Luca Tomasig

Personal information
- Date of birth: 11 March 1983 (age 42)
- Place of birth: Gorizia, Italy
- Height: 1.90 m (6 ft 3 in)
- Position: Goalkeeper

Youth career
- Atalanta

Senior career*
- Years: Team / Apps / (Gls)
- 2001–2003: Atalanta / 0 / (0)
- 2001–2002: → Pozzuolo (loan) / 28 / (0)
- 2002–2003: → Belluno (loan) / 15 / (0)
- 2003–2005: Belluno / 40 / (0)
- 2005–2006: Cagliari / 0 / (0)
- 2006: → Padova (loan) / 6 / (0)
- 2006–2007: Catanzaro / 1 / (0)
- 2007–2010: Reggiana / 46 / (0)
- 2010–2012: AlbinoLeffe / 53 / (0)
- 2012–2013: Reggiana / 25 / (0)
- 2013–2014: Novara / 1 / (0)
- Total:  / 215 / (0)

= Luca Tomasig =

Italian footballer

Luca Tomasig (originally Tomašić, born 11 March 1983) is an Italian former professional footballer who plays as a goalkeeper.

==Career==
Tomasig started his senior career for Pozzuolo, then Belluno of Serie D. In summer 2003, he was signed by Belluno in co-ownership deal with Atalanta.

He joined Cagliari in January 2005 in co-ownership, in exchange with Davide Capello on loan, but he left for Padova in January 2006.

In August 2006 he terminated his contract with club and joined Catanzaro.

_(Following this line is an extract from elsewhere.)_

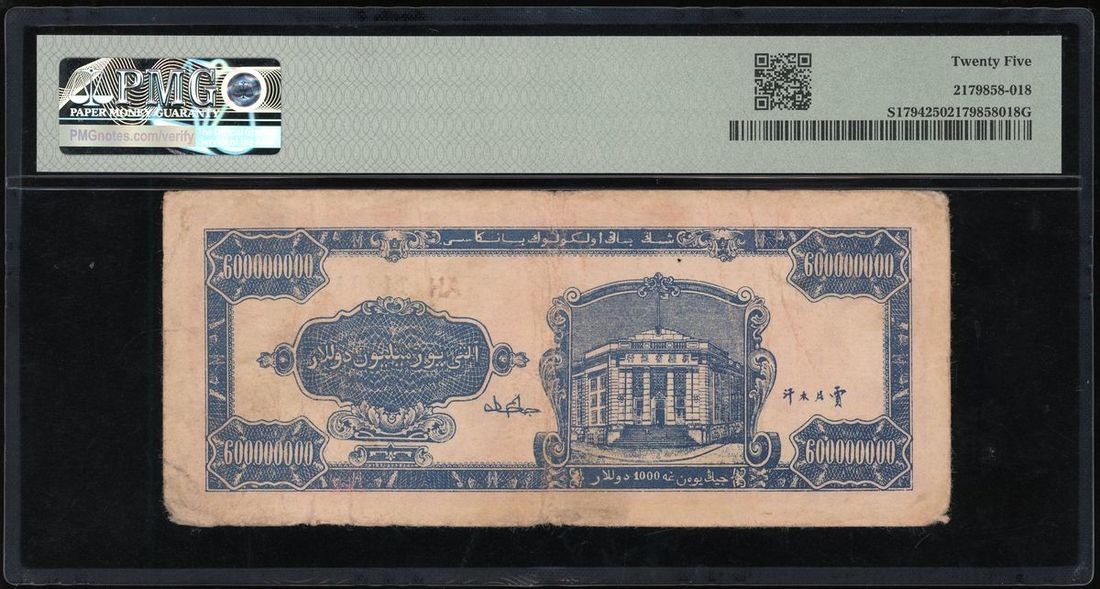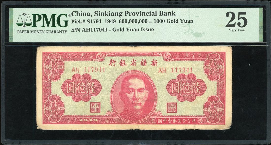 Sinkiang Provincial Bank, China, 60 million = 1000 gold yuan, 1949, serial number AH117941, (Pick S1794), PMG 25 very fine
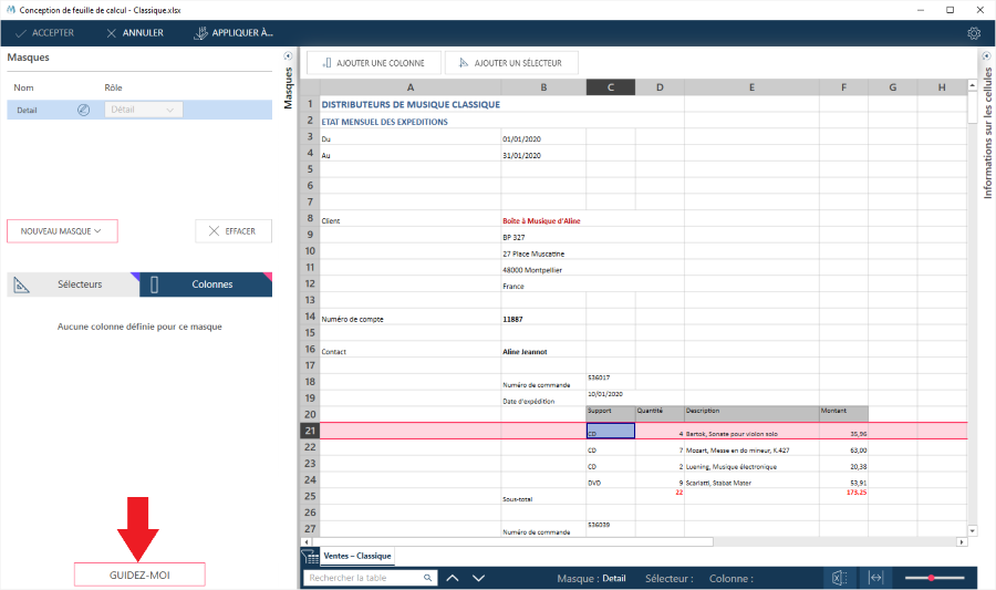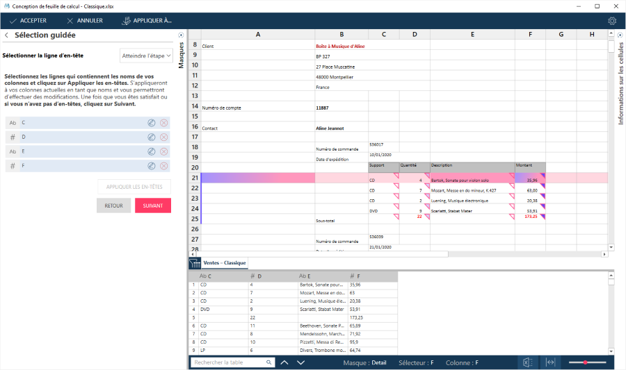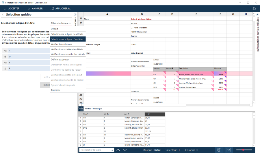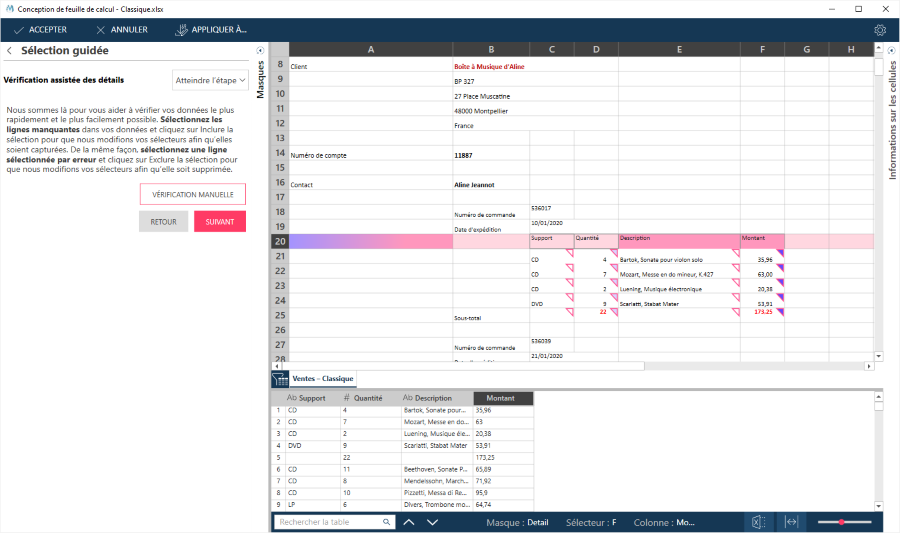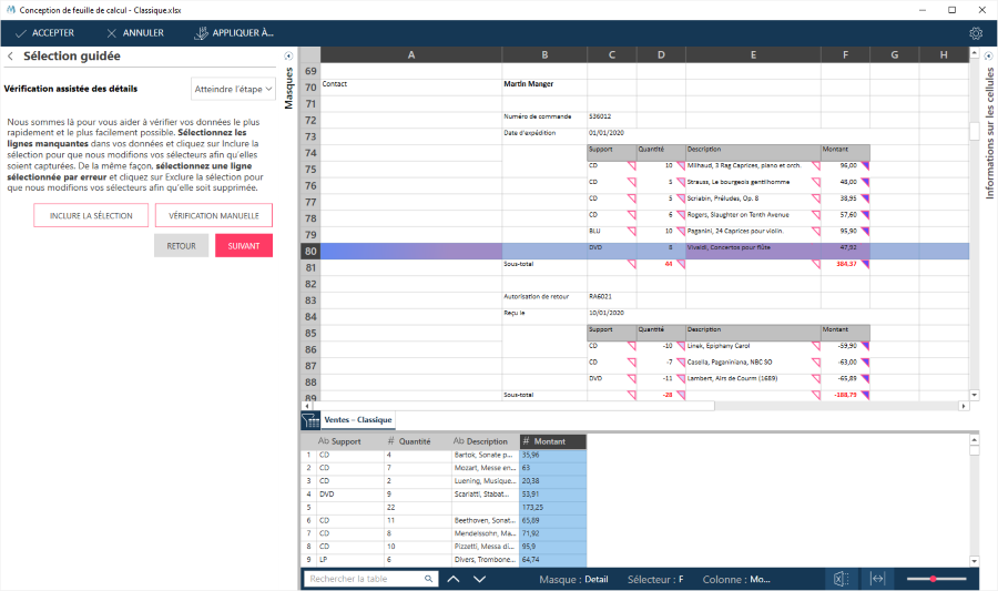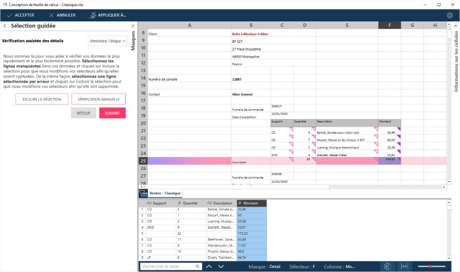 Avec cette méthode, vous sélectionnez ou désélectionnez les lignes de détail et l’assistant essaie d’ajuster les sélecteurs pour satisfaire vos critères de sélection.

In August 2007, he joined Reggiana, where he became first choice in the 2009–10 season.

On 26 July 2010, he left for Serie B side AlbinoLeffe which the club seek for a reliable keeper, for €10,000. In exchange, Daniel Offredi was sent to Reggiana on loan. On 21 June 2011, AlbinoLeffe bought half of the registration rights of Tomasig for €90,000. On 24 June 2012, Tomasig returned to Reggio Emilia, for just €1,250.

On 2 September 2013, Tomasig was signed by Serie B side Novara Calcio.